Home2017-2018Eating for liberation creates food for thought

Eating for liberation creates food for thought

By Heather Pearson
Staff Writer

When I sat down with organizers Dr. Anne DeLessio-Parson and Sophia Brownstein to learn more about their upcoming event ‘Eating for Liberation,’ Dr. DeLessio-Parson set out tortilla chips, rice and beans for us to share.

“Food invites us into conversation every time we sit down to share the table,” stated the Eating for Liberation website. “Through intentional, authentic dialogue that bridges life experiences, we can co-create new ideas for action.”

This conversation bridging food and social justice is exactly what Eating for Liberation hopes to start. To do so, the event invites participants to share in a four-course plant-based meal on March 10. The menu is inspired by bell hook’s “All About Love,” and will take place at the Salem Convention Center.

Food justice advocates Salimatu Amabebe and Dr. A Breeze Harper will speak at the event. Amabebe is a renowned artist and vegan chef who hosts Black Feast, a Portland monthly dinner series celebrating black artists and writers. Dr. A Breeze Harper is an academic and activist tackling issues of “ethical consumption, the food system, and diversity,” and is founder of the Sistah Vegan Project, which “serves as a supportive connection point for people of color (and others) interested in plant-based diets, social justice, anti-racism, [and] feminism,” among other topics.

“Some people have called [Dr. A Breeze Harper] one of the most famous vegans of our time,” said Dr. DeLessio-Parson, describing what a privilege it is to have her speak. “She challenges whiteness in vegan spaces and animal rights spaces.”
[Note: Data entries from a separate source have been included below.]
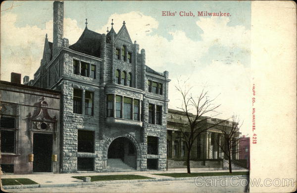 Front: Elks' Club, Milwaukee. RENZE •ROPP CO.. MILWAUKEE. 4213 Back: UK 830 Eline display of motite apparatus Velly. Convention very instructive. auto- Lucine R Churchill & # 230 Warren Ave., Brockton, Mare
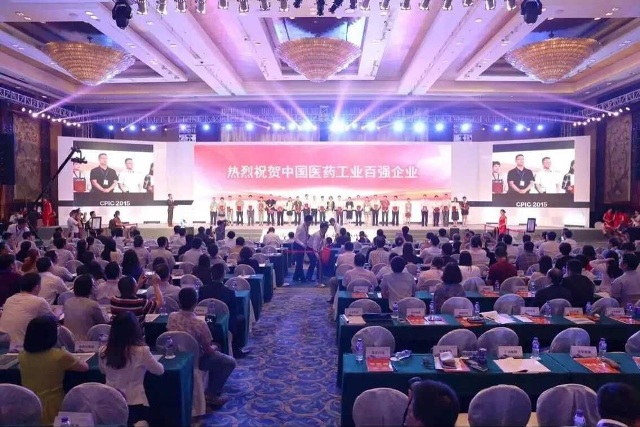 上图为2014年度中国医药工业百强发布会颁奖典礼现场
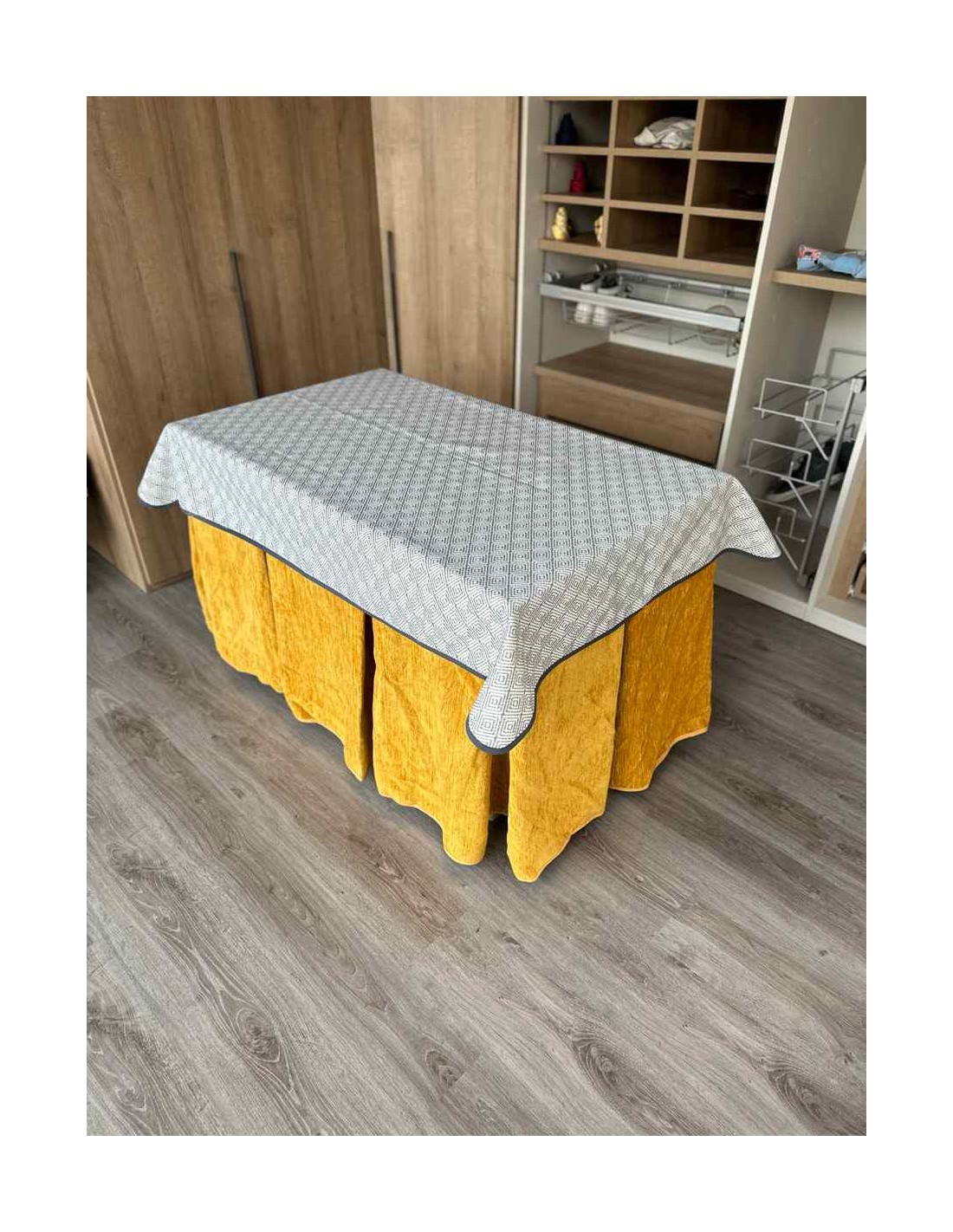 Conjunto Doble Grueso 10 Pliegues Mostaza con Tapete Rombos
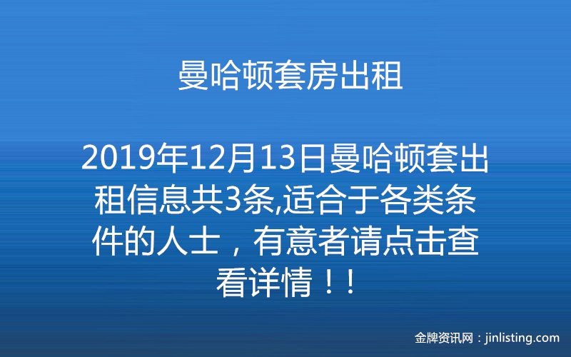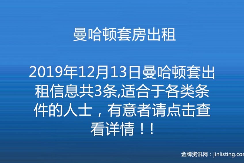 3. “曼哈顿单房出租 、一房一厅 价格便宜 曼哈顿新装修电梯楼近F地铁站附近单房,一房一厅 出租大窗户地点佳适合学生 或刚上班人士水电网全包有意请电7185171749”
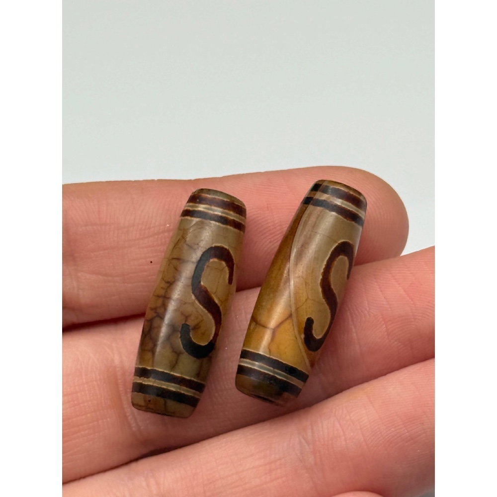 Бусина Дзи "216", Денежный крючок, Агат, кракле, 30х10 мм, цена за 1 шт.
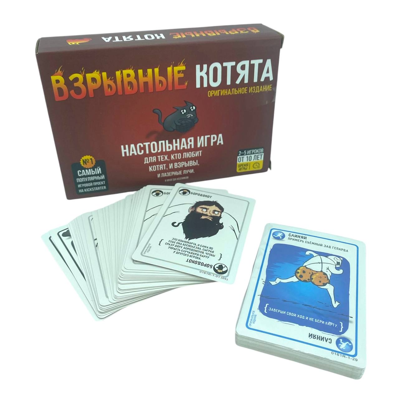 Настольная игра «Взрывные котята» — это нашумевший карточный хит. Игра отдалённо напоминает своим принципом «русскую рулетку» — игроки тянут по очереди карты из колоды, и, если им попадается один из взрывных кодек, то он тут же взрывается и выбывает из игры! Для того, чтобы этого не произошло, можно использовать различные карты или даже их комбинации. Победит игрок, умудрившийся за всю партию не подорваться на Котейке, то есть, последний оставшийся в живых игрок!

Before the meal, individuals will be paired with a theme (i.e., community gardens, veganism on a budget, activism, or prison abolitionism) which they will explore alongside other participants in-person and/or online. Then they will join in on the meal on March 10. Afterwards, they are asked to write three letters and create one art piece about their experience. These post-event activities allow participants to take what they learn from the meal and create something from it which they can share beyond that space.

How do food and equity work connect? “As we nourish our bodies, we nourish our minds, cultivating the strength and resilience needed to be more engaged and caring members of our communities,” writes Dr. DeLessio-Parson. Recognizing the personal as political, she explains, food choices and personal food philosophies can be politically radical.

The event is open to anyone interested in peace and justice, and artists and writers are especially encouraged to apply. The organizers stress that they “hope to find a balance of folks from different backgrounds and at different life stages for each theme,” and that groups are welcome. Participants are not required to be vegetarian or vegan, though conversation will discuss vegan philosophy. The event is free.

Those interested can find the application at www.eatingforliberation.com.